Work task:
Return all of the listing word for word; the pictures stay out.

Exercise materials:
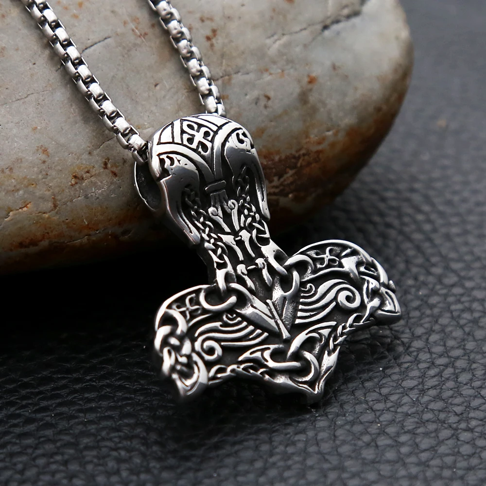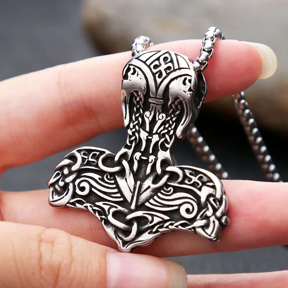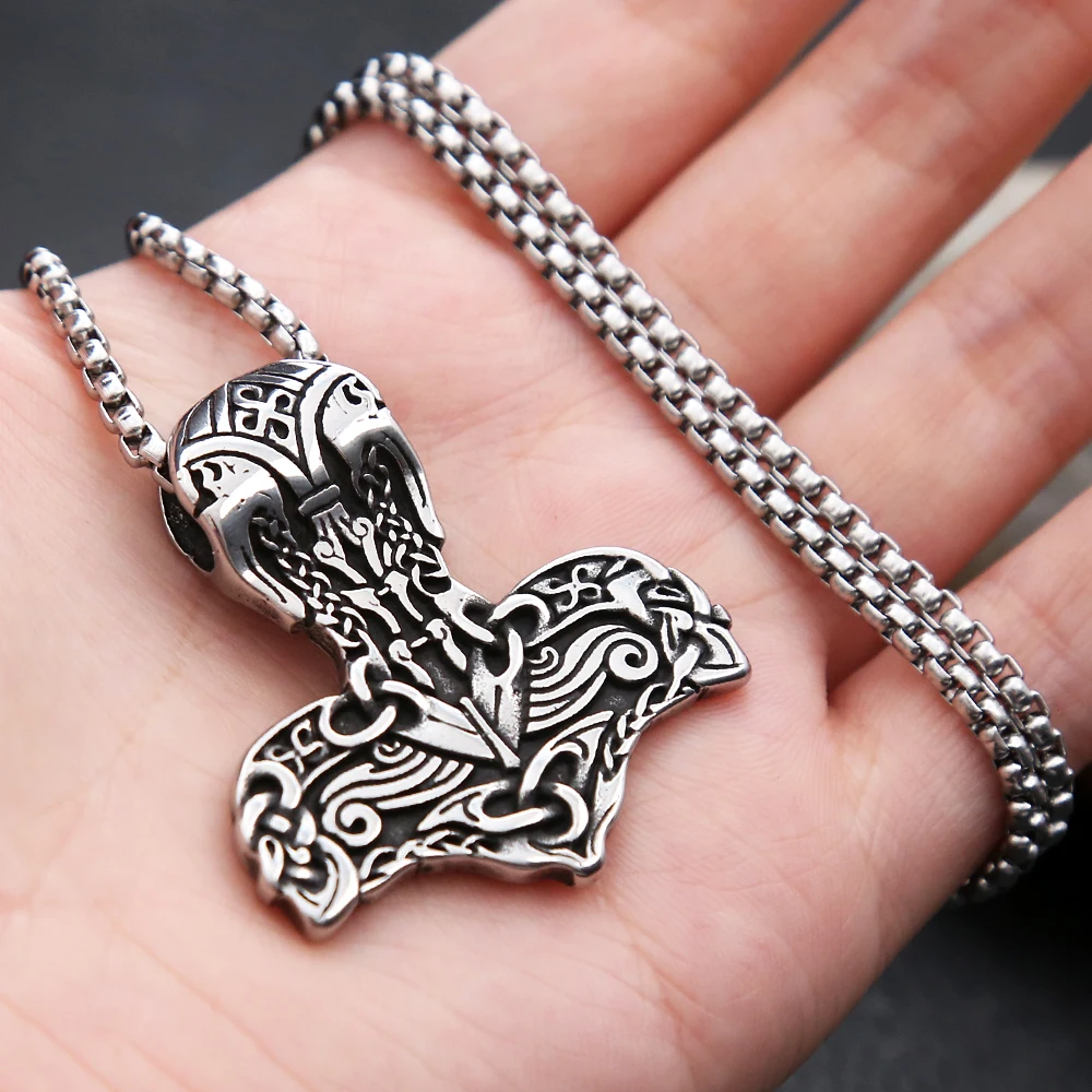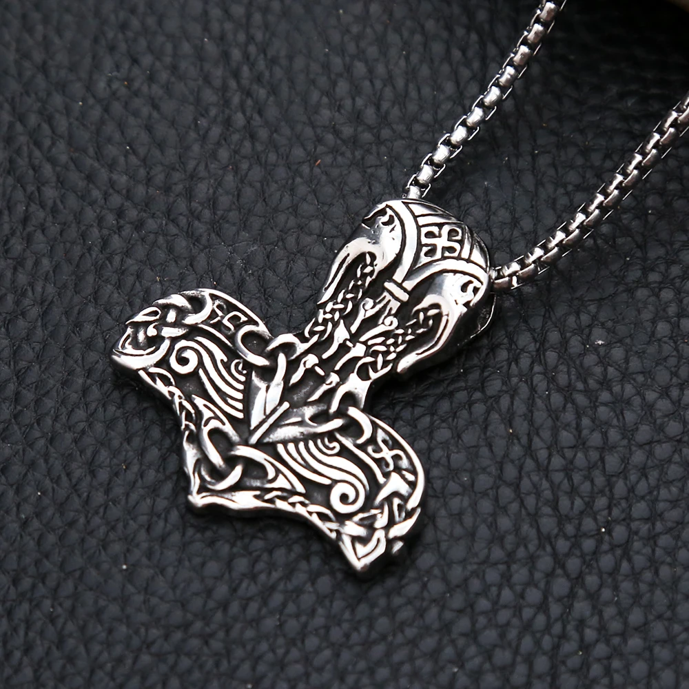 Name: Unique Vintage Viking Thor's Hammer Pendant Necklace For Men Stainless Steel Gothic Biker Fashion Runes Amulet Jewelry Wholesale
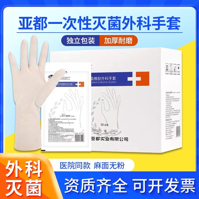亚都医用无菌外科手套一次性使用橡胶外科手套灭菌级医用麻面无粉
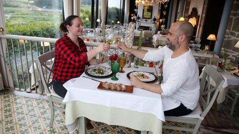 El comedor, completamente acristalado, inundado de luz y color, se abre al valle del Salnés. Y es allí, entre huertas y viñedos y con el salitre del cercano mar adivinándose en el ambiente, donde el grovense Julio Ouviña, responsable de los fogones, encuentra el ideario de su cocina. «Una cocina de mercado que aprovecha en cada temporada lo que tiene a su alrededor», resume. Que, desde luego, no es poco. Las primaverales ensaladas -como la de vieiras con frutos secos y de temporada-, las delicadas tempuras, los recurridos huevos rotos con verduras y jamón ibérico o la demandada brocheta de rape y langostinos -un plato que jamás han podido retirar de la carta- dan fe de ello. En el apartado de carnes, el plato estrella es el solomillito ibérico con puré de castaña, cebolla confitada y manzana caramelizada, otra genuina representación de la atinada impronta culinaria de la casa.
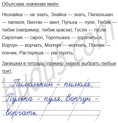 Объясни, что значат имена этих героев. Запиши три имени по образцу.
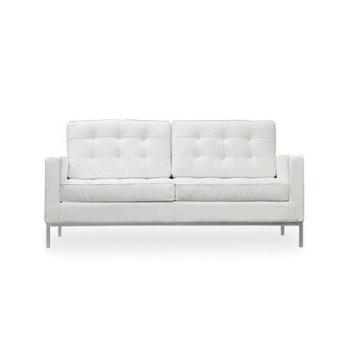 AS IMAGENS SÃO MERAMENTE ILUSTRATIVAS E PODEM SOFRER VARIAÇÕES DE COR E PEQUENOS DETALHES DE ACORDO COM O SEU MONITOR, ILUMINAÇÃO DO AMBIENTE E ATÉ MESMO A SUA PERCEPÇÃO VISUAL.Sofà Fixo Florence Knoll 2 Lugares Inox em Couro Natural Branco
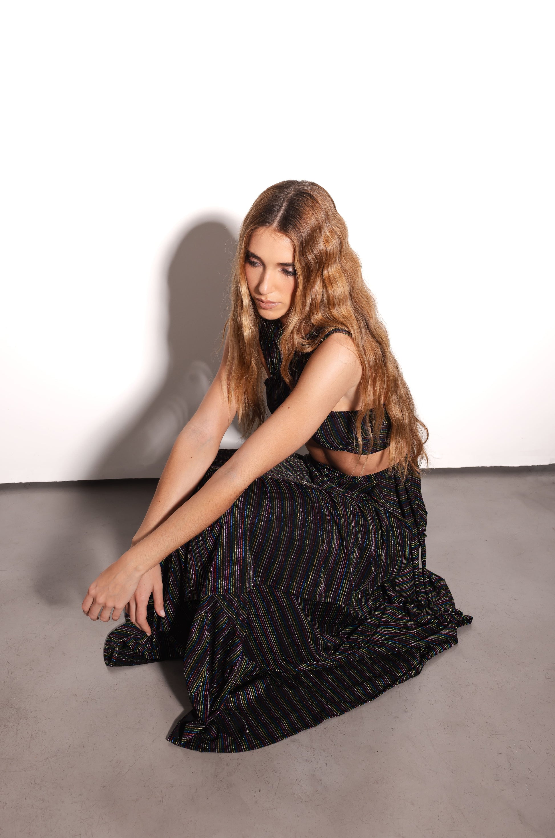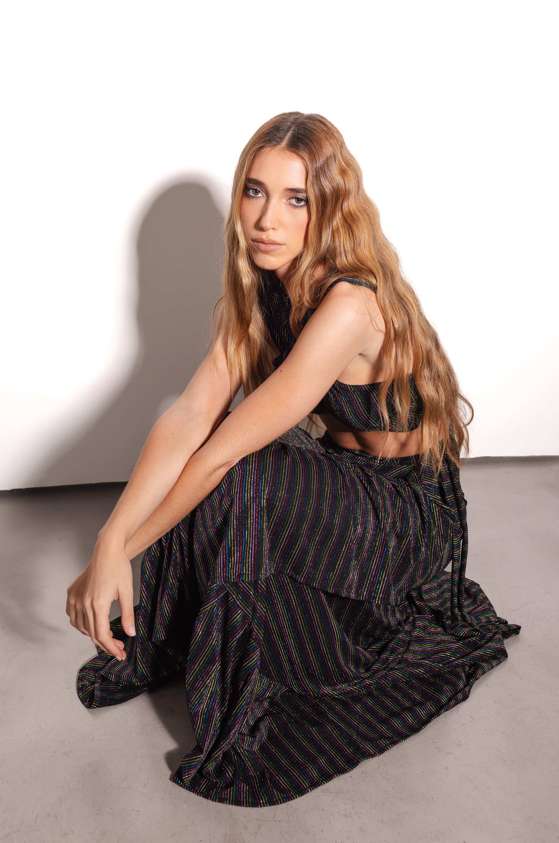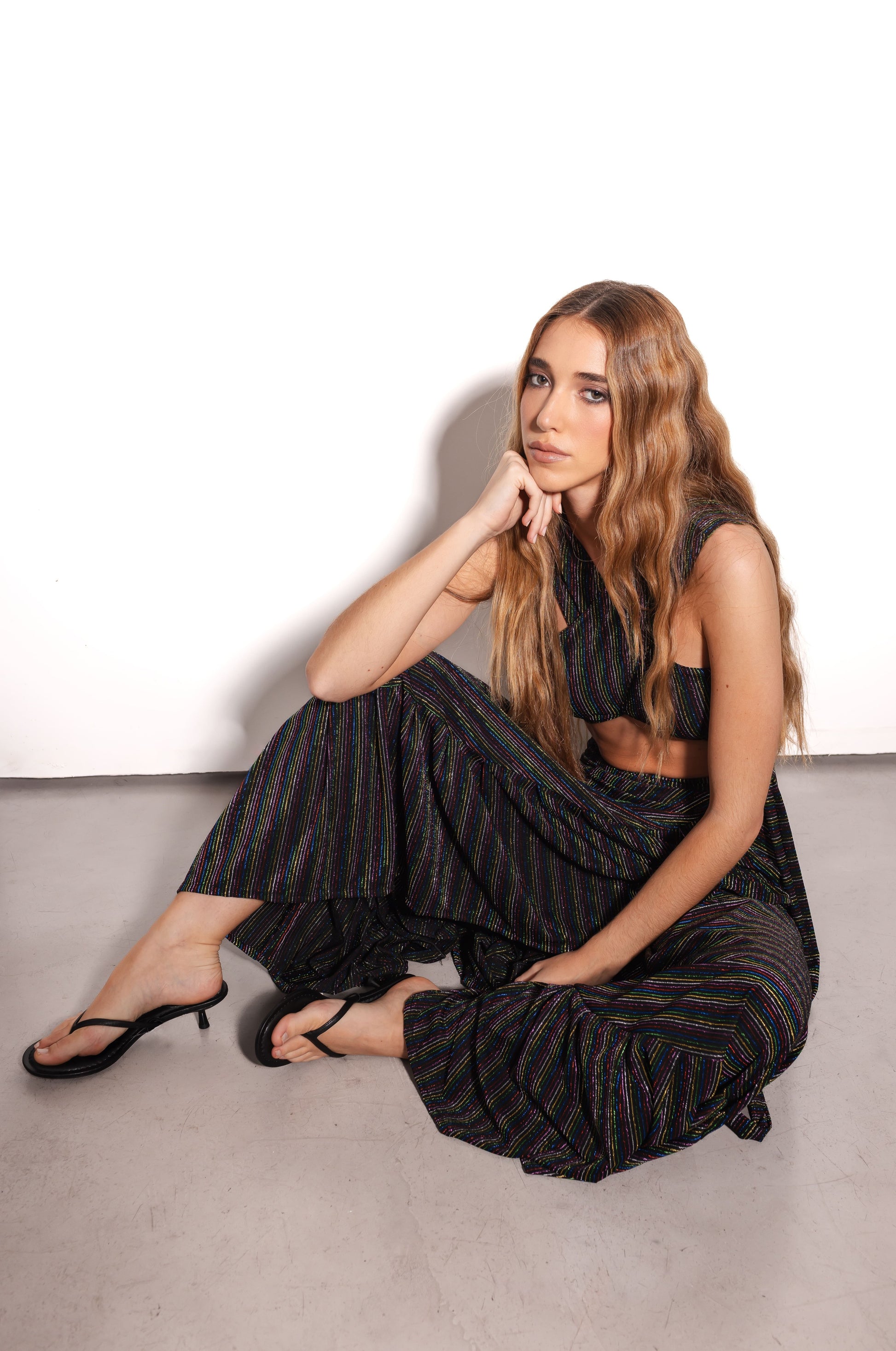 Falda larga confeccionada en tela de punto con sutil brillo, que se adapta cómodamente a distintos talles. De calce al cuerpo y caída fluida, realza la silueta con movimiento natural. Prenda versátil y elegante, ideal para acompañar el top a juego o con una remera de Algodón para el día a día.

Answer to the exercise:
 Name: Unique Vintage Viking Thor's Hammer Pendant Necklace For Men Stainless Steel Gothic Biker Fashion Runes Amulet Jewelry Wholesale
亚都医用无菌外科手套一次性使用橡胶外科手套灭菌级医用麻面无粉
 El comedor, completamente acristalado, inundado de luz y color, se abre al valle del Salnés. Y es allí, entre huertas y viñedos y con el salitre del cercano mar adivinándose en el ambiente, donde el grovense Julio Ouviña, responsable de los fogones, encuentra el ideario de su cocina. «Una cocina de mercado que aprovecha en cada temporada lo que tiene a su alrededor», resume. Que, desde luego, no es poco. Las primaverales ensaladas -como la de vieiras con frutos secos y de temporada-, las delicadas tempuras, los recurridos huevos rotos con verduras y jamón ibérico o la demandada brocheta de rape y langostinos -un plato que jamás han podido retirar de la carta- dan fe de ello. En el apartado de carnes, el plato estrella es el solomillito ibérico con puré de castaña, cebolla confitada y manzana caramelizada, otra genuina representación de la atinada impronta culinaria de la casa.
 Объясни, что значат имена этих героев. Запиши три имени по образцу.
 AS IMAGENS SÃO MERAMENTE ILUSTRATIVAS E PODEM SOFRER VARIAÇÕES DE COR E PEQUENOS DETALHES DE ACORDO COM O SEU MONITOR, ILUMINAÇÃO DO AMBIENTE E ATÉ MESMO A SUA PERCEPÇÃO VISUAL.Sofà Fixo Florence Knoll 2 Lugares Inox em Couro Natural Branco
 Falda larga confeccionada en tela de punto con sutil brillo, que se adapta cómodamente a distintos talles. De calce al cuerpo y caída fluida, realza la silueta con movimiento natural. Prenda versátil y elegante, ideal para acompañar el top a juego o con una remera de Algodón para el día a día.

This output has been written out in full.